February 5, 2015


The Bill Evans Legacy : 35 years after his death, the pianist remains a huge influence on jazz. (DOUG RAMSEY, Feb. 3, 2015, WSJ)

Evans shaped the most significant music in trumpeter Miles Davis's 1959 sextet album "Kind Of Blue," the best-selling jazz recording in history. His interest in improvisation rooted in scales and modes, rather than in traditional sequences of chord progressions, was the basis of "Flamenco Sketches" and "Blue in Green." Those pieces in "Kind Of Blue" had an effect on Davis's tenor saxophonist, John Coltrane, as he lessened his reliance on standard harmonic structures and became an influence on generations of jazz artists. As for Evans's playing, Davis described it in a widely quoted phrase as "like crystal notes or sparkling water cascading down from some clear waterfall."

In a recent conversation, pianist Bill Mays called my attention to another Evans attribute. "People don't seem to talk about his ability with rhythmic displacement of lines--that is, to play an improvised line that was not hemmed in by two-bar or four-bar phrasing. It might surprise you by starting later and ending later than you would expect."

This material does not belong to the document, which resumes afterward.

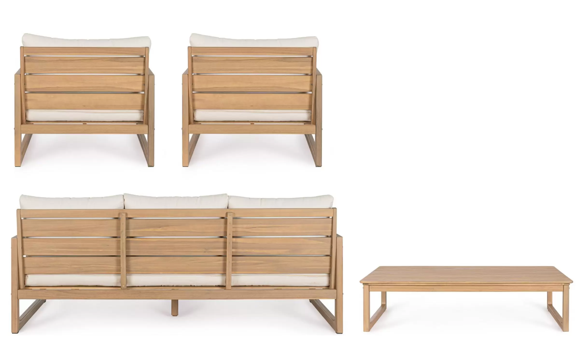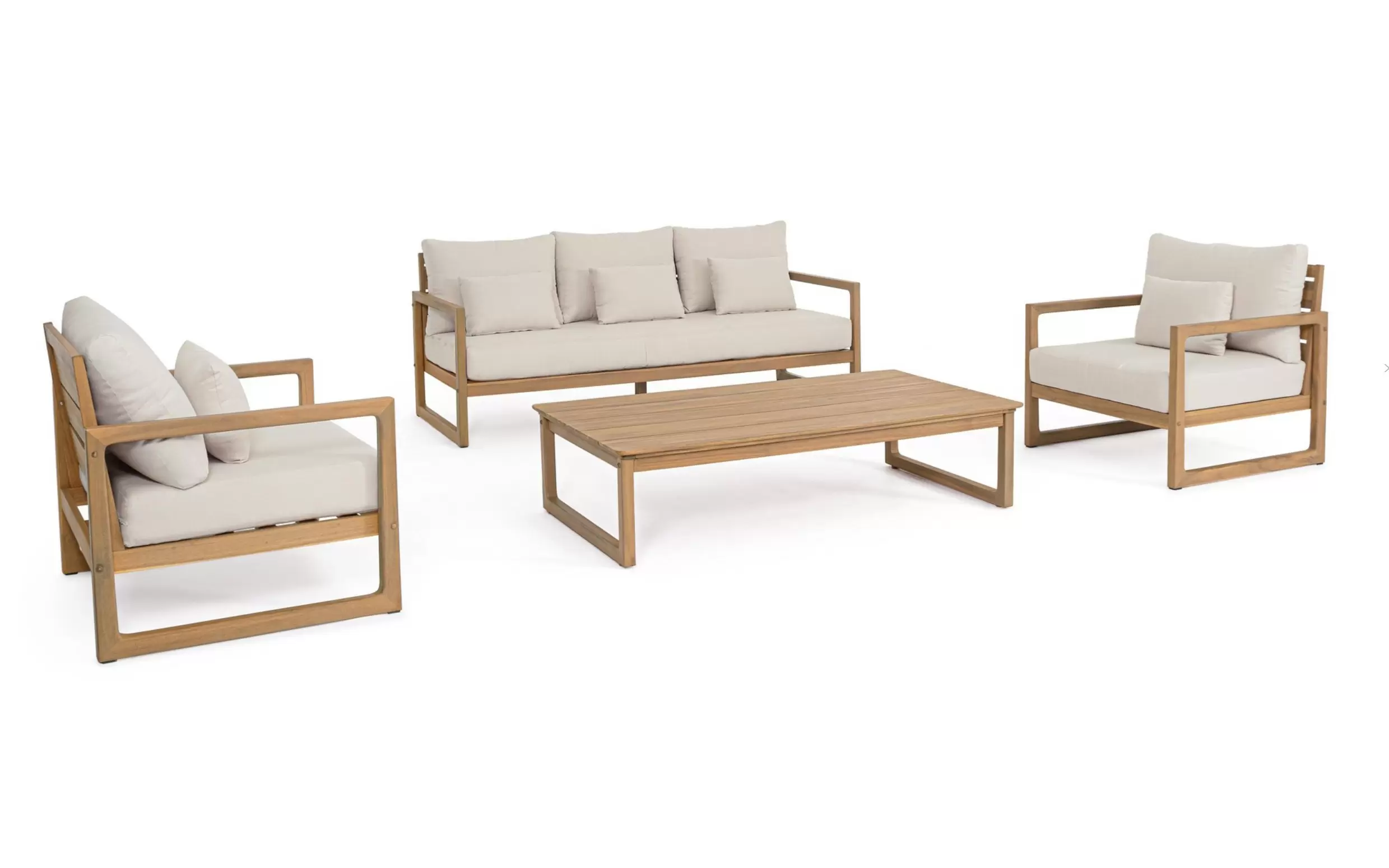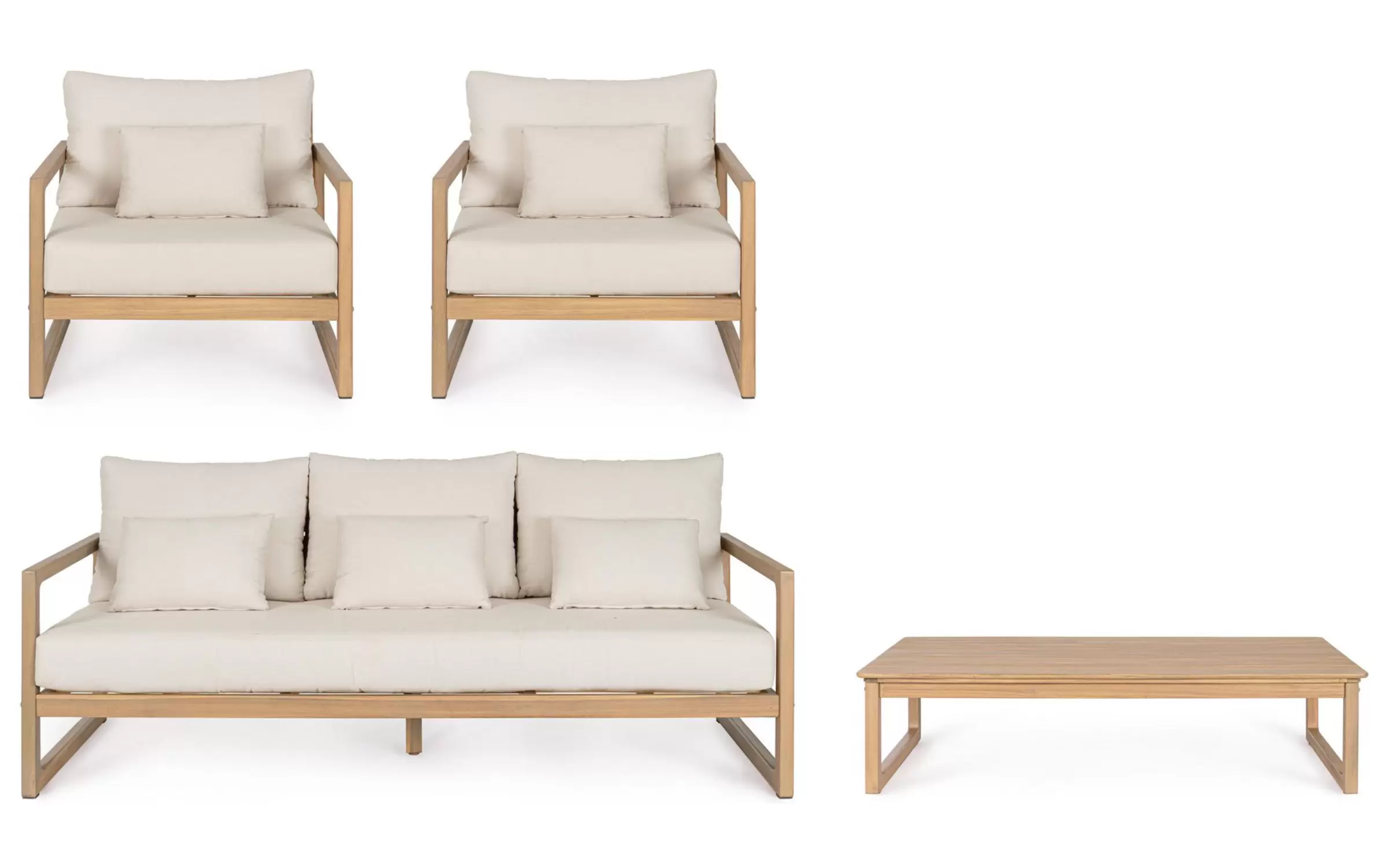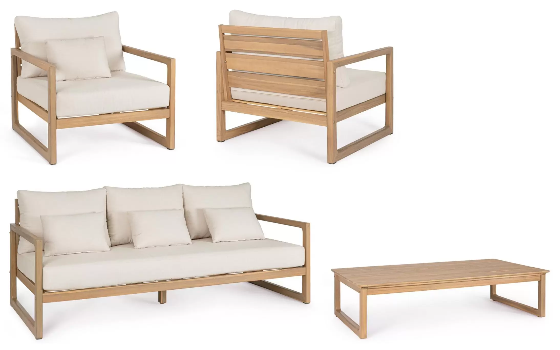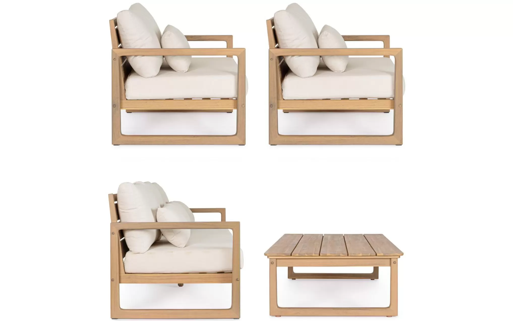 W skład zestawu wchodzi sofa 3‑osobowa, dwa fotele oraz stolik kawowy. Wszystkie elementy wykonano z dbałością o detale, a ich design łączy nowoczesną prostotę z ciepłem naturalnego drewna.

In his study "The Harmony of Bill Evans," composer and pianist Jack Reilly says: "He changed the approach to the sound of jazz piano by his touch and his attention to pedaling, phrasing and dynamics." Mr. Reilly emphasizes Evans's "remarkable way of handling the possibilities of interplay within the piano-bass-drums trio."

Evans had a vision of that interplay well before he found musicians who could help him achieve it. The work with Davis behind him, in December 1959 he finally formed the trio he had been hearing in his mind for three years. The young New York veteran Paul Motian was the drummer. The bassist was 23-year-old Scott LaFaro. Evans had heard him three years earlier in a Los Angeles audition. He recognized LaFaro in 1956 as talented, but according to Evans biographer Peter Pettinger, likened his playing to "a bucking horse." Now, however, he had fluidity of thought and execution that was ideal for Evans's concept of a trio that would "grow in the direction of simultaneous improvisation rather than just one guy blowing followed by another guy blowing. If the bass player, for example, hears an idea that he wants to answer, why should he just keep playing a steady background?" LaFaro made possible an even more fundamental element of Evans's specifications for his trio: "Especially, I want my work--and the trio's if possible--to sing. It must have that wonderful feeling of singing."